In a preferred embodiment, the first synthesis includes a step of measuring the amount of a component of a radioactive agent precursor before the reaction, a step of measuring the amount of a component of a reaction mixture in the middle of the reaction, a step of calculating a reaction rate constant from the measurement information of the amounts of the components, a step of calculating a reaction rate constant when a biomolecule concentration is changed, a step of calculating a reaction time, a specific radioactivity, and a radioactivity level of an objective substance at each biomolecule concentration, and a step of selecting a reaction condition satisfying the synthesis condition, and the second synthesis is performed under the selected reaction condition.

Advantageous Effects of Invention

According to the invention, it becomes possible to synthesize a radioactive agent under a protein concentration condition under which the specific radioactivity is high while securing a radioactivity level of an objective substance. Further, the reaction can be completed at an optimal time, and therefore, it becomes possible to synthesize a radioactive agent without decreasing the specific radioactivity. According to this, in the synthesis of a radioactive agent, the time is reduced and the efficiency of the synthesis is improved.

BRIEF DESCRIPTION OF DRAWINGS

FIG. 1 is a view showing a configuration example of a radioactive agent synthesis device in one embodiment.

FIG. 2 is a view showing the operation of a control flow for a radioactive agent in one embodiment.

FIG. 3 is a view showing one example of LC analysis conditions.

FIG. 4 is a view showing an experimental diagram of a liquid chromatogram.

FIG. 5 is a view illustrating the synthesis pathway using [¹⁸F]SFB and a protein.

FIG. 6 shows experimental diagrams of liquid chromatograms.

FIG. 7 is a view showing that the predicted curves (broken lines) and the experimental values of [¹⁸F]SFB, [¹⁸F]FBzA, and [¹⁸F]BSA in a reaction between [¹⁸F]SFB and BSA (0.25 mg/mL) coincide with each other.

FIG. 8 is a view showing that the predicted curves (broken lines) and the experimental values of [¹⁸F]SFB, [¹⁸F]FBzA, and [¹⁸F]BSA in a reaction between [¹⁸F]SFB and BSA (2.5 mg/mL) coincide with each other.

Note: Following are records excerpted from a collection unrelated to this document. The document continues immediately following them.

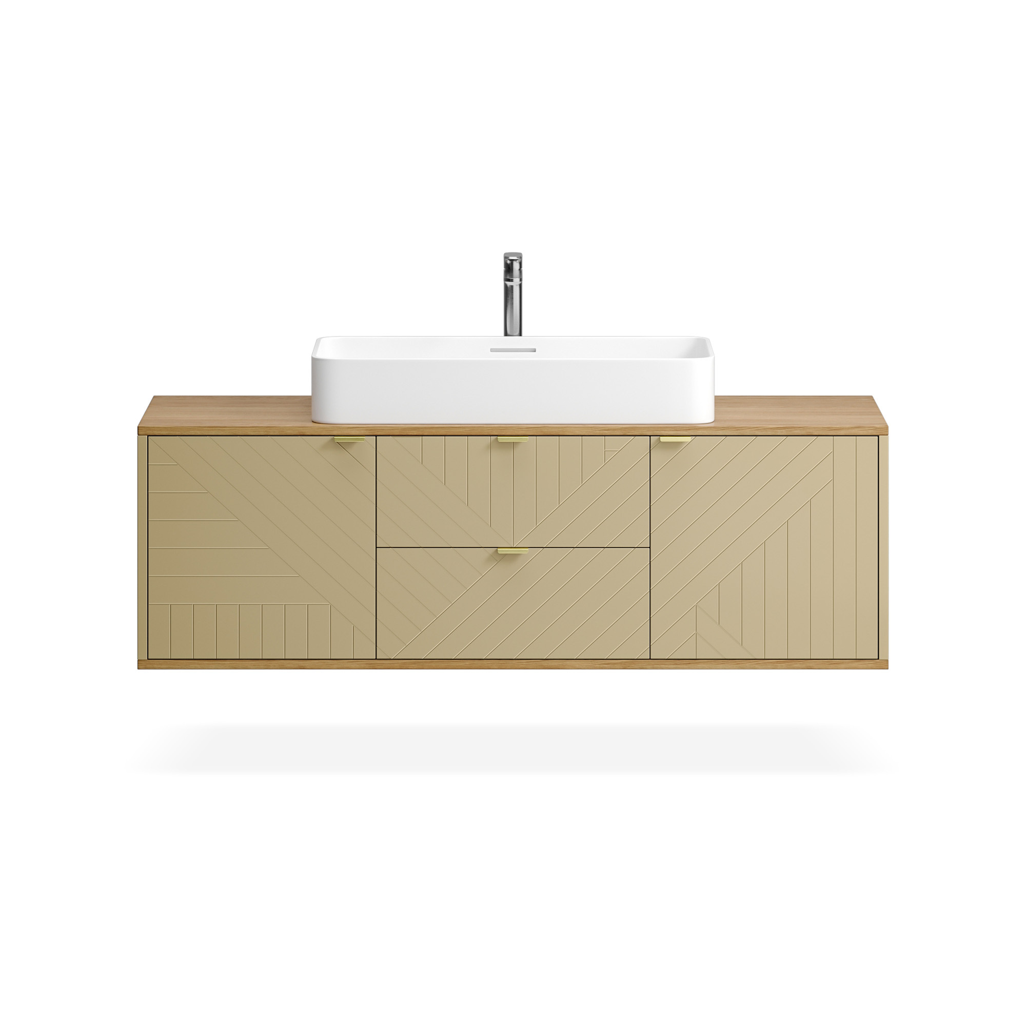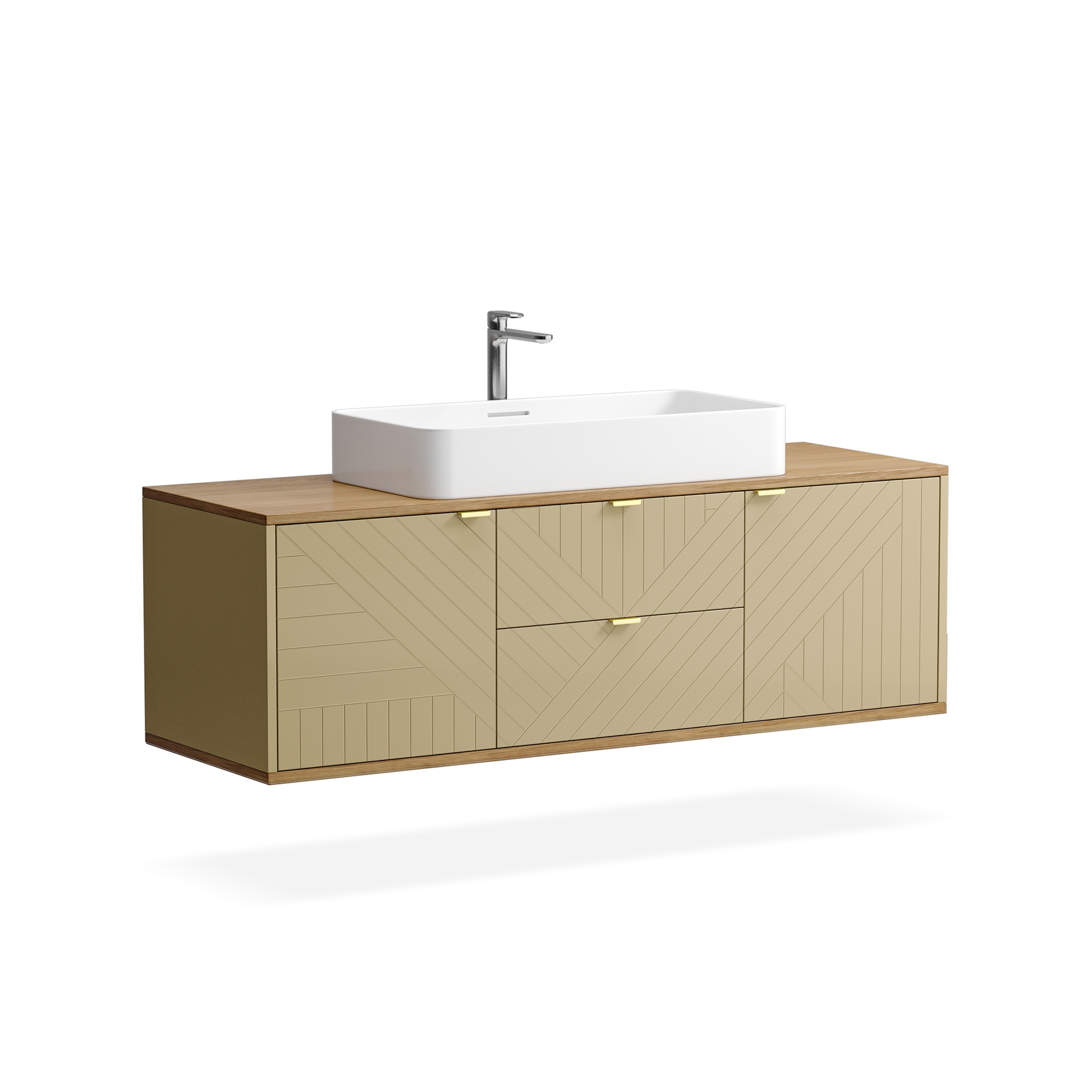 Компактные модели подвесных тумб из трёх секций с выдвижными ящиками и полками гармонично сочетаются с линейкой накладных раковин большинства производителей.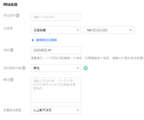 如需备案多个网站,则可单击添加备案网站,添加新的网站信息。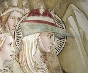 Sainte Hélène avec un chapeau à bec. Vers 1380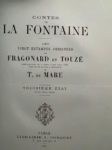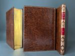 LA FONTAINE (Jean de). Contes. Paris, L. Lemonnyer, 1881-1883. Deux forts vol. in-4, basane havane racinée récente, ornée dans le goût du XVIIIe s., tranches dorées. Réimpression de l'édition de Didot de 1795 avec un commentaire d'Anatole de Montaiglon, et illustrée de reproductions des planches d'origine. Tirée à 500 exemplaires numérotés, celui-ci sur papier vélin, non justifié et sans la suite annoncée pour ce papier. Les couvertures de livraison ont été reliées à la fin de chaque tome. On joint, en reliure identique : - MARE (T. de). Contes de La Fontaine. Les vingt estampes par Fragonard et Touzé... réduites et gravées à l'eau-forte par T. de Mare. P., Conquet, 1881. In-4. Suite tirée à 500 exemplaires, dont 3 sont réunies dans ce volume : 1. Eaux-fortes pures sur japon (n°1 / 50) ; 2. Epreuves non terminées sur japon (un des 50, n°51) ; 3. Avant la lettre sur japon (un des 50, n° 102.)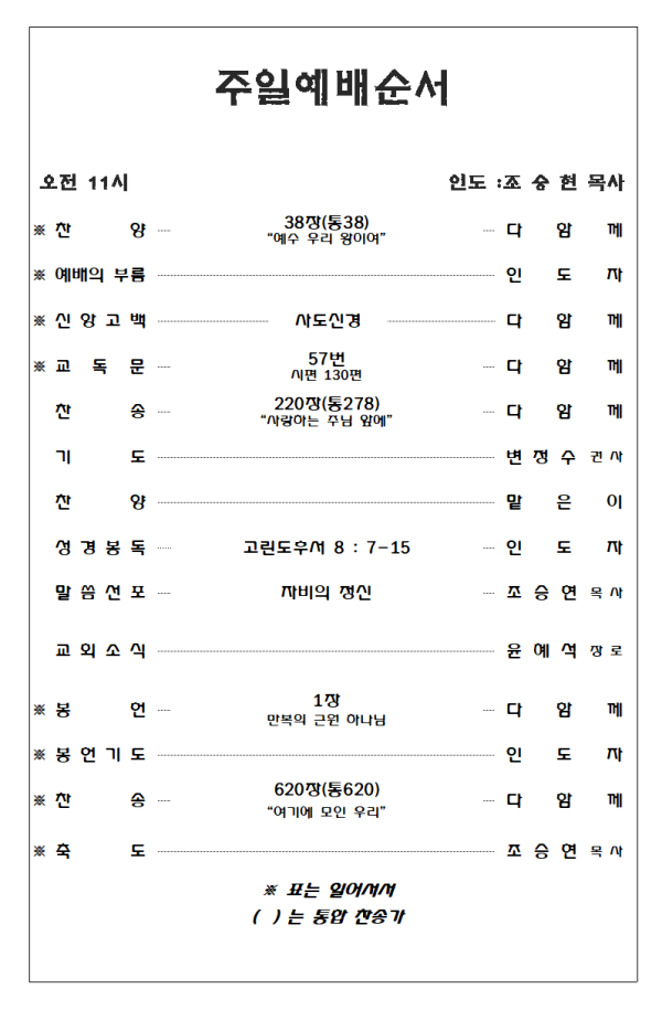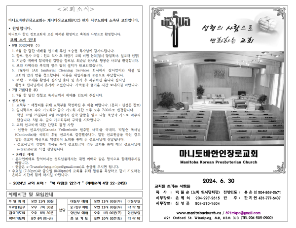 마니토바한인장로교회 웹사이트에 방문해 주셔서 감사합니다.

FIG. 9 is a view showing a relationship between a radioactivity level of a protein component at a half -life of 110 minutes and a reaction time (A), a relationship between a protein concentration and a reaction completion time (B), a relationship between a protein concentration and a radioactivity level of a protein component at completion of the reaction (C) and a relationship between a protein concentration and a specific radioactivity of a protein component at completion of the reaction (D).

FIG. 10 is a view showing a relationship between a radioactivity level of a protein component at a half-life of 5 minutes and a reaction time (A), a relationship between a protein concentration and a reaction completion time (B), a relationship between a protein concentration and a radioactivity level of a protein component at completion of the reaction (C) and a relationship between a protein concentration and a specific radioactivity of a protein component at completion of the reaction (D).

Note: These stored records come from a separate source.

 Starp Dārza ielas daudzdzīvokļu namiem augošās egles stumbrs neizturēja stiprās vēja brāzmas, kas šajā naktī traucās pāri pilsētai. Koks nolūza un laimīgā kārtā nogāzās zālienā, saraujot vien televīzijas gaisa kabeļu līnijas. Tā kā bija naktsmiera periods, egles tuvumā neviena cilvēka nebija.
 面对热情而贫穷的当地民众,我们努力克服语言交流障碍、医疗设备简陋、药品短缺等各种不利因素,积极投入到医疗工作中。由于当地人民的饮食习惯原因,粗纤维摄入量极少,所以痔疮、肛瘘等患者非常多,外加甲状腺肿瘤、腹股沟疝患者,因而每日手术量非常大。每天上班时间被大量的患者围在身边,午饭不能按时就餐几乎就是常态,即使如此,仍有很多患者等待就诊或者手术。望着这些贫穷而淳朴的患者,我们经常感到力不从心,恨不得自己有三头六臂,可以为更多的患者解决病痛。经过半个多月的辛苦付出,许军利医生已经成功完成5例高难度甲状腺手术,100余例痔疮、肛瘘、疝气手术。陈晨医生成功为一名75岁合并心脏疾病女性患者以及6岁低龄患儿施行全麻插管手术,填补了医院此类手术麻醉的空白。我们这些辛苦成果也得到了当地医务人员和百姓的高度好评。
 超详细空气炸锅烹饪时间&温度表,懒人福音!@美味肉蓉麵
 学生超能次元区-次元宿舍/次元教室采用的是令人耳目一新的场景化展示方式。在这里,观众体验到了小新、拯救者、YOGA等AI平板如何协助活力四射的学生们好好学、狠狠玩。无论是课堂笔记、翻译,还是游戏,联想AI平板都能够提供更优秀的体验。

FIG. 11 is a view showing the operation of a processing flow of a processing section 170 in one embodiment.

FIG. 12 is a view showing one example of a setting screen for LC analysis.

FIG. 13 is a view showing one example of a setting screen for test synthesis.

FIG. 14 is a view showing one example of a setting screen for actual synthesis.

DESCRIPTION OF EMBODIMENTS

Hereinafter, preferred embodiments of the invention will be described with reference to the drawings.

Configuration of Device

FIG. 1 shows a configuration example of a radioactive agent synthesis device.

This synthesis device includes storage sections storing a plurality of solutions, and a protein solution storage section 13 stores a protein solution, a buffer solution storage section 14 stores a buffer solution, a water storage section 15 stores water, and a radioactive agent precursor solution storage section 16 stores a radioactive agent precursor solution.

A syringe 8 sucks the protein solution from the protein solution storage section 13 through a valve 3 and introduces the sucked protein solution into a reaction vessel 2 through the valve 3. A syringe 9 sucks the buffer solution from the buffer solution storage section 14 through a valve 4 and introduces the sucked buffer solution into the reaction vessel 2 through the valve 4. A syringe 10 sucks water from the water storage section 15 through a valve 5 and introduces the sucked water into the reaction vessel 2 through the valve 5. A syringe 11 sucks the radioactive agent precursor solution from the radioactive agent precursor solution storage section 16 through a valve 6 and introduces the sucked radioactive agent precursor solution into the reaction vessel 2 through the valve 6. A syringe 12 sucks the radioactive agent precursor solution from the radioactive agent precursor solution storage section 16 through a valve 7 and transfers the sucked radioactive agent precursor solution to an LC section 19 through the valve 7. Further, the syringe 12 sucks a reaction mixture from the reaction vessel 2 through the valve 7 and transfers the sucked reaction mixture to the LC section 19 through the valve 7. By the operation of the syringes 8 to 11, the protein, the radioactive agent precursor, and the buffer solution can be adjusted to a desired concentration, and are reacted to each other in the reaction vessel 2. The reaction vessel 2 includes a stirrer for mixing the solution and an agitator for performing bubbling or the like with nitrogen gas or the like. The temperature of the reaction vessel 2 is controlled by a temperature adjusting section 1.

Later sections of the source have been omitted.